START Input material
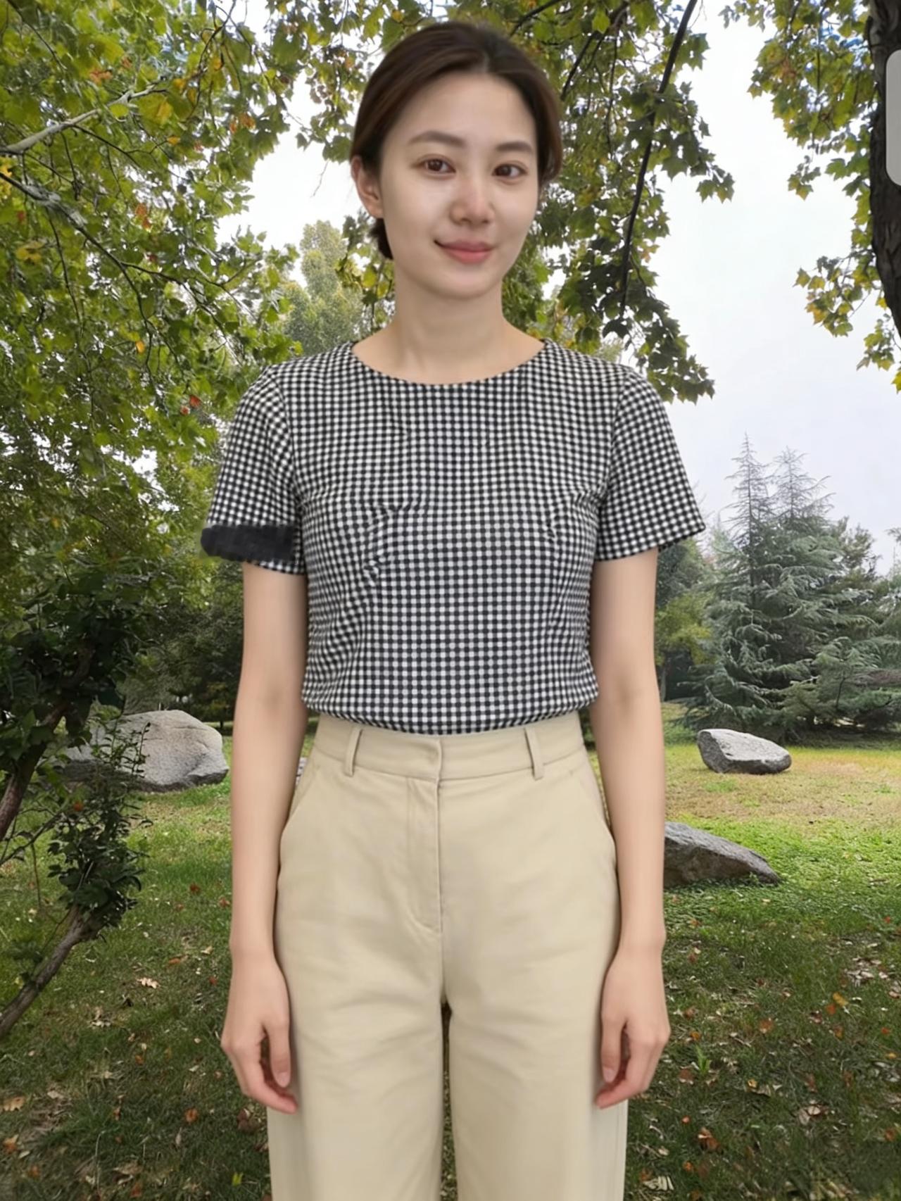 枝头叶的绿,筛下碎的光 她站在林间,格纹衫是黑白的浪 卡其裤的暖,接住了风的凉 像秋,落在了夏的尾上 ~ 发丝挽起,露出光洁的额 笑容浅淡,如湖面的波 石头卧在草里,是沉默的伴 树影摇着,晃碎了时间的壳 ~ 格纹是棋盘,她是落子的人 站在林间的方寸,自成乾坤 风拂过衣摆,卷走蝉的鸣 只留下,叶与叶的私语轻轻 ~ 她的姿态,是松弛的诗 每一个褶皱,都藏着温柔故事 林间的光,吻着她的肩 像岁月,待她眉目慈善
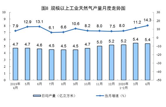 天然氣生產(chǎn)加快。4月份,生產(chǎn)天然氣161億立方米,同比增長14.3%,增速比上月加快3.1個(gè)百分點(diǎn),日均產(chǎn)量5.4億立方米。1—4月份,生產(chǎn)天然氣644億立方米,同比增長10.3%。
END Input material
START Input material
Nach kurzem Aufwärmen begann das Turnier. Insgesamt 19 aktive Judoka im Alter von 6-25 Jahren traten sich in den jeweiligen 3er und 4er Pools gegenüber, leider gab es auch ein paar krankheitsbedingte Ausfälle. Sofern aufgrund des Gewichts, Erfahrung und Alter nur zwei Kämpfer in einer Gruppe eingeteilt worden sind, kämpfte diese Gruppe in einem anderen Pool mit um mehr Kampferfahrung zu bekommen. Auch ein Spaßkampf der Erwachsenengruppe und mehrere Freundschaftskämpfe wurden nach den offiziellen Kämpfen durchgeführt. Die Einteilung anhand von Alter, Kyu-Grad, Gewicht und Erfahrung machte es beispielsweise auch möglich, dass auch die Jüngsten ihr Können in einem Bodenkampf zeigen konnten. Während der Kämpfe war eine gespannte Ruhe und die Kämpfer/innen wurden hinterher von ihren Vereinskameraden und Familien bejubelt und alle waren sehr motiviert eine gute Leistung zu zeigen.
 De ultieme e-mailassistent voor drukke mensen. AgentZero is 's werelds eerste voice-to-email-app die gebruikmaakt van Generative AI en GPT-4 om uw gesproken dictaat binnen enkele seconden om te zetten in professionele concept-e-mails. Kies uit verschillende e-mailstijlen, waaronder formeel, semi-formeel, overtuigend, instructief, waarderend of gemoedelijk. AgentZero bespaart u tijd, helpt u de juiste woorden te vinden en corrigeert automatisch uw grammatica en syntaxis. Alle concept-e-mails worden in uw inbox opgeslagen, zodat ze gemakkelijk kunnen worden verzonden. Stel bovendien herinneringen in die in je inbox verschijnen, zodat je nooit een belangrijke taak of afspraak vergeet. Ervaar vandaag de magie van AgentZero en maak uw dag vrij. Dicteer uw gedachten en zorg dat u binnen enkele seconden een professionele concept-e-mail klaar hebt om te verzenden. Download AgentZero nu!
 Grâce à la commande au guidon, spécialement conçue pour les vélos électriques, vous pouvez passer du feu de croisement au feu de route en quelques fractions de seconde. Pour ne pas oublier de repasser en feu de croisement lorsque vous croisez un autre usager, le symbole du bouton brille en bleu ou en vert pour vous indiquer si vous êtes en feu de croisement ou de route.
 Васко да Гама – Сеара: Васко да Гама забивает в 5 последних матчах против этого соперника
END Input material
- _Problem to solve_
Within the listing above, give again exactly every line from the line with "Nach kurzem Aufwärmen" through the line with "De ultieme e-mailassistent", both included, and no other line.

- _Response to this exercise_
Nach kurzem Aufwärmen begann das Turnier. Insgesamt 19 aktive Judoka im Alter von 6-25 Jahren traten sich in den jeweiligen 3er und 4er Pools gegenüber, leider gab es auch ein paar krankheitsbedingte Ausfälle. Sofern aufgrund des Gewichts, Erfahrung und Alter nur zwei Kämpfer in einer Gruppe eingeteilt worden sind, kämpfte diese Gruppe in einem anderen Pool mit um mehr Kampferfahrung zu bekommen. Auch ein Spaßkampf der Erwachsenengruppe und mehrere Freundschaftskämpfe wurden nach den offiziellen Kämpfen durchgeführt. Die Einteilung anhand von Alter, Kyu-Grad, Gewicht und Erfahrung machte es beispielsweise auch möglich, dass auch die Jüngsten ihr Können in einem Bodenkampf zeigen konnten. Während der Kämpfe war eine gespannte Ruhe und die Kämpfer/innen wurden hinterher von ihren Vereinskameraden und Familien bejubelt und alle waren sehr motiviert eine gute Leistung zu zeigen.
 De ultieme e-mailassistent voor drukke mensen. AgentZero is 's werelds eerste voice-to-email-app die gebruikmaakt van Generative AI en GPT-4 om uw gesproken dictaat binnen enkele seconden om te zetten in professionele concept-e-mails. Kies uit verschillende e-mailstijlen, waaronder formeel, semi-formeel, overtuigend, instructief, waarderend of gemoedelijk. AgentZero bespaart u tijd, helpt u de juiste woorden te vinden en corrigeert automatisch uw grammatica en syntaxis. Alle concept-e-mails worden in uw inbox opgeslagen, zodat ze gemakkelijk kunnen worden verzonden. Stel bovendien herinneringen in die in je inbox verschijnen, zodat je nooit een belangrijke taak of afspraak vergeet. Ervaar vandaag de magie van AgentZero en maak uw dag vrij. Dicteer uw gedachten en zorg dat u binnen enkele seconden een professionele concept-e-mail klaar hebt om te verzenden. Download AgentZero nu!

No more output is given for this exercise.